Note D – Discontinued Operations
During the third quarter 2012, the Company’s Board of Directors authorized management to sell its exploration and production operations in the United Kingdom. The Company currently expects to complete the sale of these operations near year-end 2012. Beginning in the third quarter 2012, the Company has begun to account for U.K. upstream operations as discontinued operations for all periods presented, including a reclassification of all prior year’s results for these operations to discontinued operations.
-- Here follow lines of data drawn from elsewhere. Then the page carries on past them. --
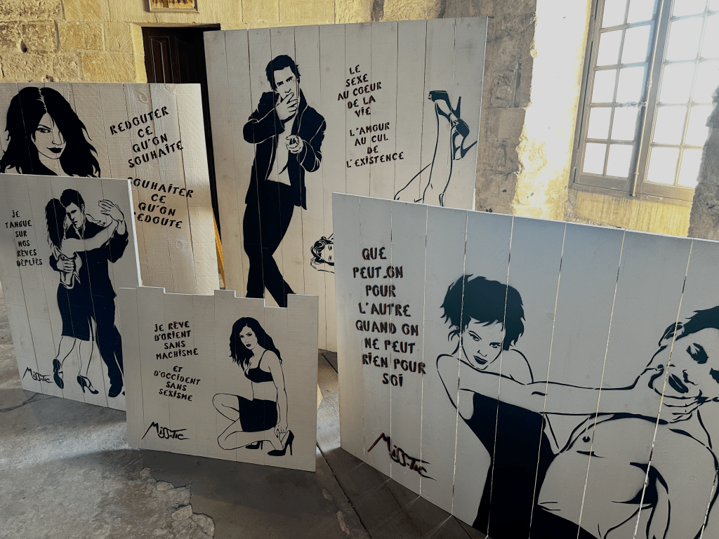 Walking through the grand halls of the Palace of the Popes, with its towering stone walls and echoes of medieval power, was an awe-inspiring experience on its own. But to see the bold, rebellious works of Miss.Tic displayed within this historic stronghold created a striking contradiction—one that felt both provocative and poetic. Her rich, vibrant stencils of fierce, enigmatic women, paired with sharp-witted phrases, stood in stark contrast to the somber weight of the palace’s past, where religious authority once reigned. The juxtaposition of her modern, defiant artistry against the rigid, centuries-old walls made the exhibition even more powerful, as if her spirit had slipped through time to challenge history itself.
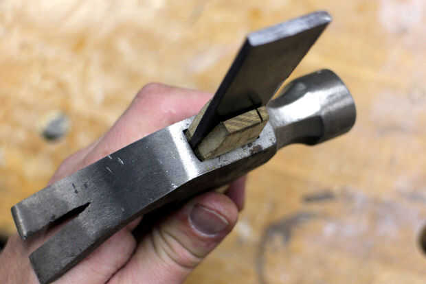 Proteger la manija de madera de daños con un trapo de la tienda, luego apoyo el martillo en un tornillo de banco y crear la cuña en el ojo del mango forzando el ojo aparte y manteniendo la cabeza al mango con fricción.
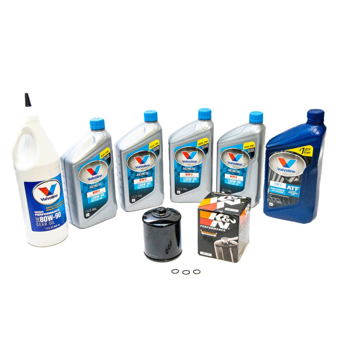 Complete Valvoline oil change kit, Engine oil, Transmission oil, Primary oil, K&N oil filter and drain plug O-rings
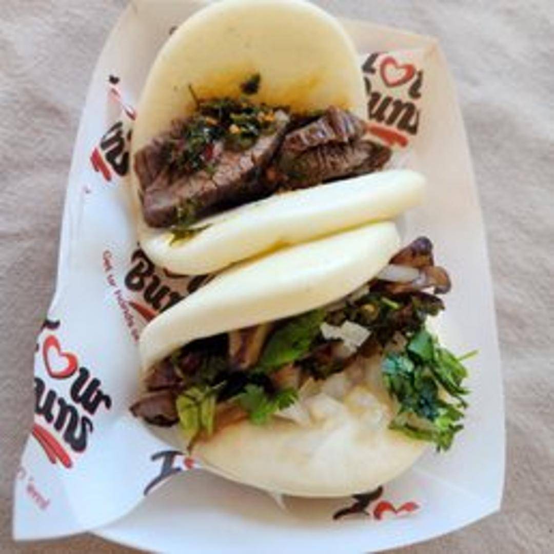 A flavorful bao bun filled with a Latin-inspired savory filling. Exact ingredients may vary, offering a unique and delicious experience.

In 2010, the Company announced that its Board of Directors had approved plans to exit the U.S. refining and U.K. refining and marketing businesses. On September 30, 2011, the Company sold the Superior, Wisconsin refinery and related assets for $214 million, plus certain capital expenditures between July 25 and the date of closing and the fair value of all associated hydrocarbon inventories at these locations. On October 1, 2011, the Company sold the Meraux, Louisiana refinery and related assets for $325 million, plus the fair value of associated hydrocarbon inventories. The Company has accounted for operating results of the Superior, Wisconsin and Meraux, Louisiana refineries and associated marketing assets as discontinued operations for all prior periods presented. The cash proceeds from these refinery sales were primarily used to pay down outstanding loans under existing revolving credit facilities in 2011.
The results of operations associated with discontinued operations for the three-month and nine-month periods ended September 30, 2012 and 2011 were as follows:
Three Months Ended Sept. 30, | Nine Months Ended Sept. 30, | |||||||||||||||
(Thousands of dollars) | 2012 | 2011 | 2012 | 2011 | ||||||||||||
Revenues | $ | 31,779 | 1,335,452 | 102,096 | 3,784,742 | |||||||||||
Income before income taxes, including a net gain on sale of two U.S. refineries of $15,959 in the three-month and nine-month periods in 2011 | 10,631 | 114,842 | 45,331 | 248,381 | ||||||||||||
Income tax expense | 12,861 | 56,038 | 34,797 | 109,175 |
In July 2012, the United Kingdom enacted tax changes that limited tax relief on oil and gas decommissioning costs to 50%, a reduction from the 62% tax relief previously allowed for these costs. This tax rate change led to a net increase in tax expense of discontinued operations of $5.5 million in the three-month and nine-month periods that ended September 30, 2012. In July 2011, the United Kingdom enacted a supplemental tax rate increase for oil and gas companies effective retroactive to March 2011. The total U.K. tax rate increased from 50% to 62% for oil and gas companies. The supplemental tax increased income tax expense of discontinued operations by $14.5 million for the three-month and nine-month periods ended September 30, 2011.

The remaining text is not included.